▶ _Dataset extract_:
======

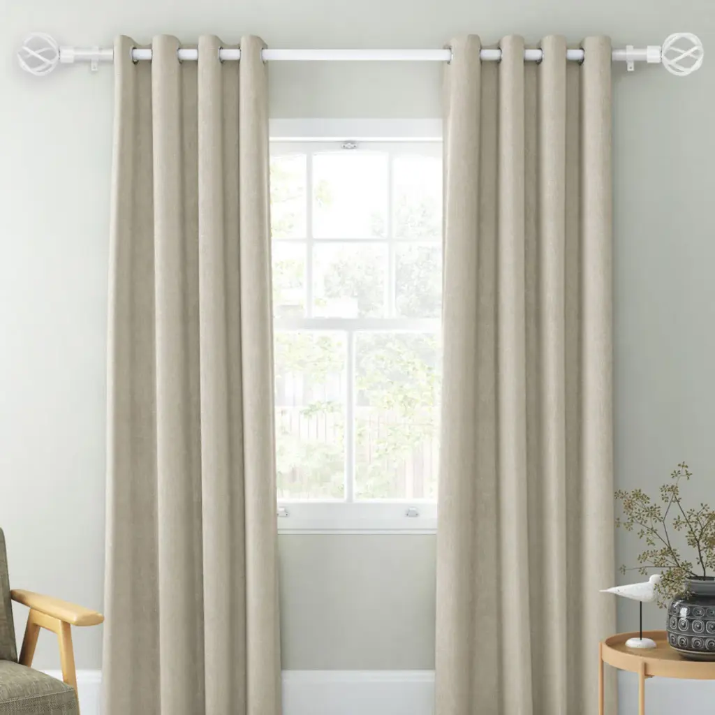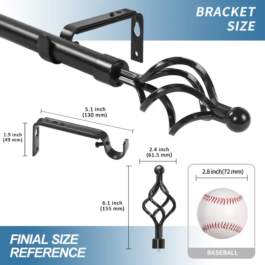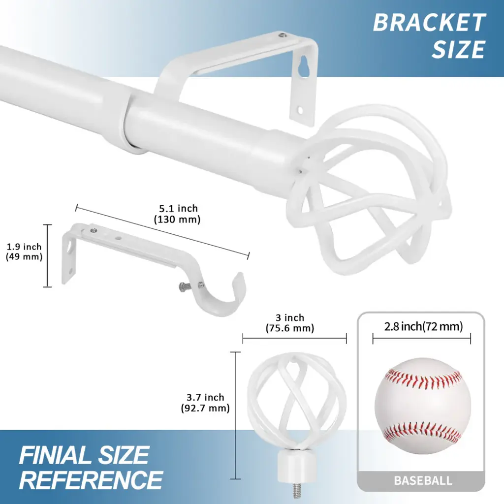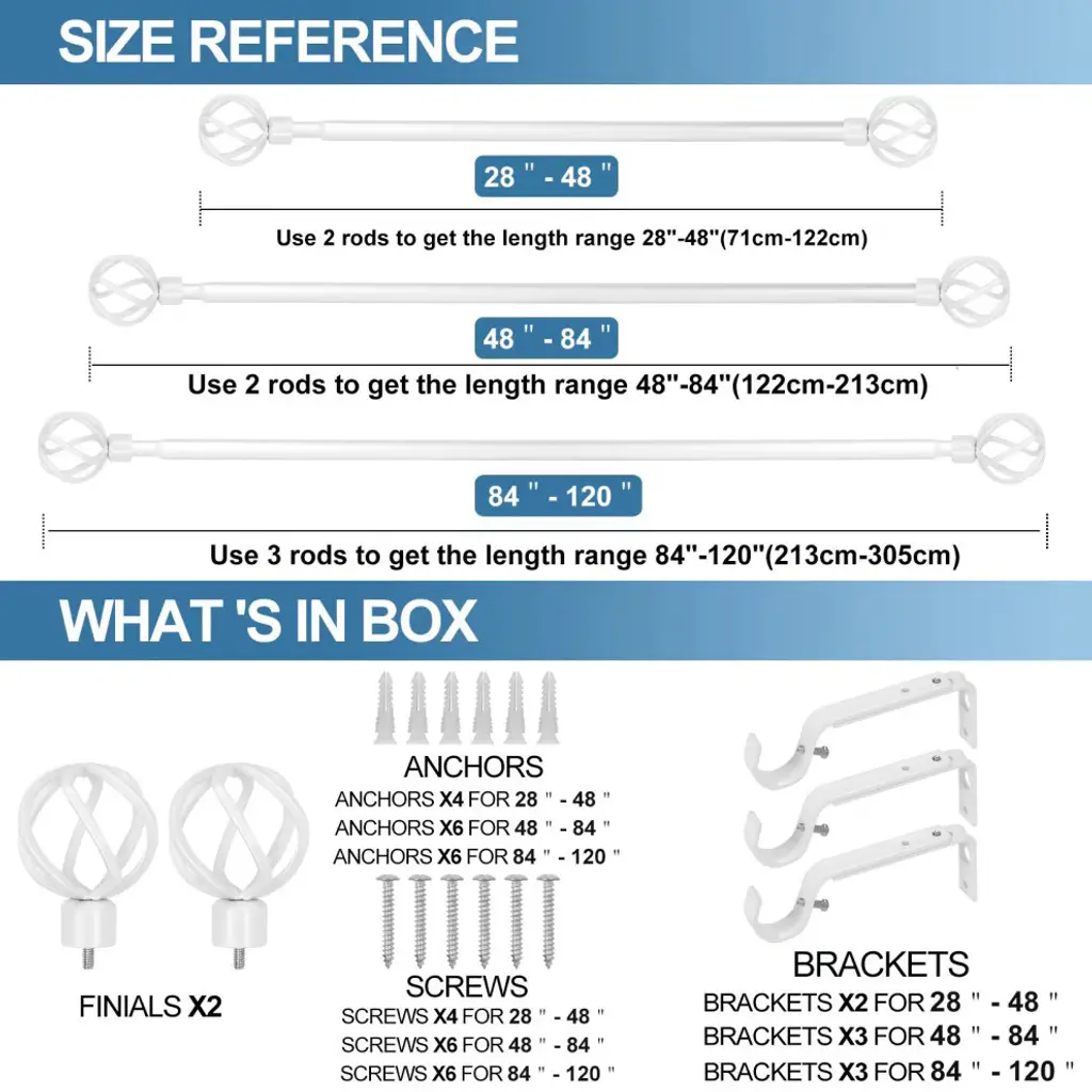 The rod set includes 1 rod, 1 set of two finials, and brackets in a glossy white finish.The adjustable curtain rod measures 1" diameter and comes with round decorative finials. The finials measure 3" in diameter and 3 1/2" long. The rod extends from 84" to 120".Available in 5 finishes: Black, Glossy White, Bronze, Brushed Steel, and Antique BrassMounting hardware included for easy installation.
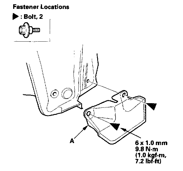 Remove the bolts, then remove the rear strake (A) from the body.
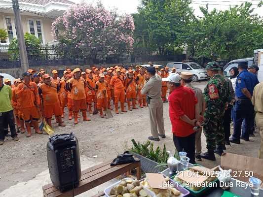 Camat Tambora, Holi Susanto dalam memimpin apel memberikan pengarahan, bahwa kita membantu membersihkan lokasi kebakaran di lokasi RT 011 RW 07 dengan personel dari berbagai instansi gabungan.

======

▶ _Exercise prompt_:
Everything from the first line of the listing above through the line that contains "Remove the bolts, then" is to be restated word for word, minus the pictures.

▶ _Result of the exercise_:
 The rod set includes 1 rod, 1 set of two finials, and brackets in a glossy white finish.The adjustable curtain rod measures 1" diameter and comes with round decorative finials. The finials measure 3" in diameter and 3 1/2" long. The rod extends from 84" to 120".Available in 5 finishes: Black, Glossy White, Bronze, Brushed Steel, and Antique BrassMounting hardware included for easy installation.
 Remove the bolts, then remove the rear strake (A) from the body.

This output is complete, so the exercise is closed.